Pliez vos chevilles pour revenir à la position de départ, ou jusqu'à ce que vos talons touchent le sol.

Soulevez le mollet de la machine

Étape 1

Placez-vous sur la machine d'élévation des mollets ou asseyez-vous dessus. Dans le cas de la version debout, placez vos épaules sous les épaulettes. Pour la version assise, mettez vos genoux sous les genouillères.

Étape 2

Pointez les orteils vers l'extérieur sur le bord de la plate-forme de la machine, debout ou assis. Pointe talons vers l'intérieur de sorte que vous pouvez mettre l'accent sur vos muscles gastrocnémiens médiaux.

Étape 3

Étendez vos chevilles pour élever vos talons et vous lever sur vos orteils. Maintenez la contraction pendant deux secondes, puis abaissez vos talons à la position initiale en pliant vos chevilles.

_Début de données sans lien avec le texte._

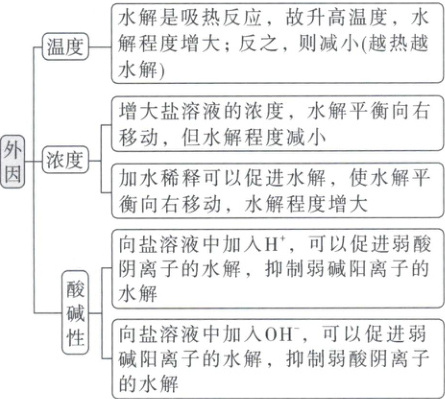 盐类水解程度的大小,主要是由盐本身的性质所决定的。生成盐的弱酸酸性(或弱碱碱性)越弱,该盐的水解程度越⑦

Choses dont vous aurez besoin

  • Barbell
  • Calf

Conseils

  • Effectuez deux à trois exercices pendant vos entraînements au mollet. Faites deux exercices debout et un exercice assis. Inclure les variations de la barre et de la machine dans vos séances d'entraînement pour obtenir les meilleurs résultats. Concluez vos séances d'entraînement avec un jogging de faible intensité sur le tapis de course ou à l'extérieur pour refroidir votre corps.

Avertissements

  • Consultez un médecin avant de commencer ce programme ou tout autre programme d'exercices de résistance si vous n'avez jamais pratiqué ce type d'exercice ou si vous avez d'autres problèmes de santé, y compris une pression artérielle élevée.